◆ **Information provided**:
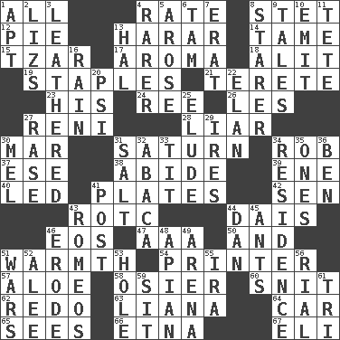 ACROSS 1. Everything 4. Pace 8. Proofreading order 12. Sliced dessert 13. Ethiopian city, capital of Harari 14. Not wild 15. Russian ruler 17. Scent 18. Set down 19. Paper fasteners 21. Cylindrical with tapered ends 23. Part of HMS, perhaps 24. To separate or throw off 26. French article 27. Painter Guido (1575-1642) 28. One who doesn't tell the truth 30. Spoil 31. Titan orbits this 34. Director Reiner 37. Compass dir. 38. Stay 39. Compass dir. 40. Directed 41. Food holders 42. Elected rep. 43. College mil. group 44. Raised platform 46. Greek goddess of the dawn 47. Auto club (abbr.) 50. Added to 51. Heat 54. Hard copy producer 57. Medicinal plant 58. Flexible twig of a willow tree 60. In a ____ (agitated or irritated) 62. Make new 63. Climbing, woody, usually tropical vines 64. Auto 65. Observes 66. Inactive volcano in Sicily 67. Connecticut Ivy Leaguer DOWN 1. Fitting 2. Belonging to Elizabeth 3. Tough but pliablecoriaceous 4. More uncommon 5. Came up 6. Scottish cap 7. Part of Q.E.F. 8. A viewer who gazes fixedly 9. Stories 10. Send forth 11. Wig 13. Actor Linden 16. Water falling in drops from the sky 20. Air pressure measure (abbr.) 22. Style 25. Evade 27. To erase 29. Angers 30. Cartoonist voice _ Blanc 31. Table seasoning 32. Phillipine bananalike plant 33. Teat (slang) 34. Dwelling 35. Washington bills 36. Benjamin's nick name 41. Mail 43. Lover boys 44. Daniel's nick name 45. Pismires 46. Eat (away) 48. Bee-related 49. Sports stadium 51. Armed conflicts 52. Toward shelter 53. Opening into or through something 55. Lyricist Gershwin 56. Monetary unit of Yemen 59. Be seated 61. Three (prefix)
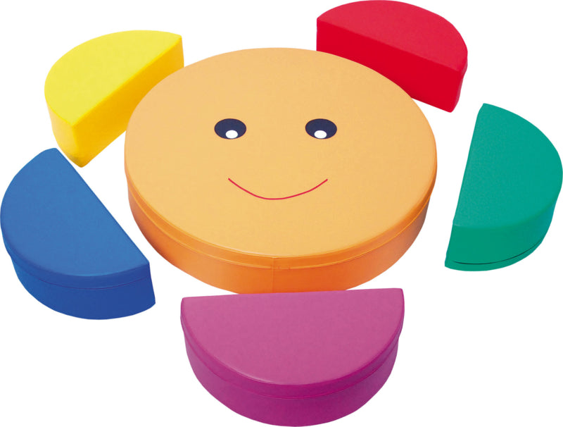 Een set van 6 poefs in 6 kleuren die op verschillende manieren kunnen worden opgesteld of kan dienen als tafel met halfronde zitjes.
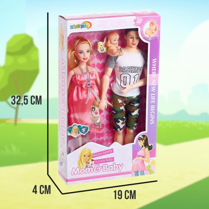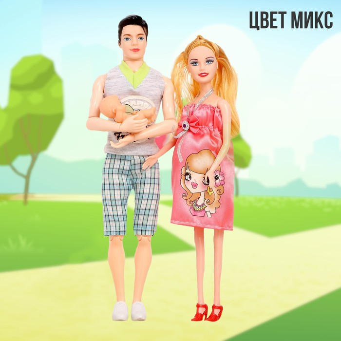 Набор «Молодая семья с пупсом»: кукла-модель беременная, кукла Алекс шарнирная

◆ **What the exercise asks**: Each line above is to be copied exactly, and the pictures are to be dropped.

◆ **Problem solution**:
 ACROSS 1. Everything 4. Pace 8. Proofreading order 12. Sliced dessert 13. Ethiopian city, capital of Harari 14. Not wild 15. Russian ruler 17. Scent 18. Set down 19. Paper fasteners 21. Cylindrical with tapered ends 23. Part of HMS, perhaps 24. To separate or throw off 26. French article 27. Painter Guido (1575-1642) 28. One who doesn't tell the truth 30. Spoil 31. Titan orbits this 34. Director Reiner 37. Compass dir. 38. Stay 39. Compass dir. 40. Directed 41. Food holders 42. Elected rep. 43. College mil. group 44. Raised platform 46. Greek goddess of the dawn 47. Auto club (abbr.) 50. Added to 51. Heat 54. Hard copy producer 57. Medicinal plant 58. Flexible twig of a willow tree 60. In a ____ (agitated or irritated) 62. Make new 63. Climbing, woody, usually tropical vines 64. Auto 65. Observes 66. Inactive volcano in Sicily 67. Connecticut Ivy Leaguer DOWN 1. Fitting 2. Belonging to Elizabeth 3. Tough but pliablecoriaceous 4. More uncommon 5. Came up 6. Scottish cap 7. Part of Q.E.F. 8. A viewer who gazes fixedly 9. Stories 10. Send forth 11. Wig 13. Actor Linden 16. Water falling in drops from the sky 20. Air pressure measure (abbr.) 22. Style 25. Evade 27. To erase 29. Angers 30. Cartoonist voice _ Blanc 31. Table seasoning 32. Phillipine bananalike plant 33. Teat (slang) 34. Dwelling 35. Washington bills 36. Benjamin's nick name 41. Mail 43. Lover boys 44. Daniel's nick name 45. Pismires 46. Eat (away) 48. Bee-related 49. Sports stadium 51. Armed conflicts 52. Toward shelter 53. Opening into or through something 55. Lyricist Gershwin 56. Monetary unit of Yemen 59. Be seated 61. Three (prefix)
 Een set van 6 poefs in 6 kleuren die op verschillende manieren kunnen worden opgesteld of kan dienen als tafel met halfronde zitjes.
 Набор «Молодая семья с пупсом»: кукла-модель беременная, кукла Алекс шарнирная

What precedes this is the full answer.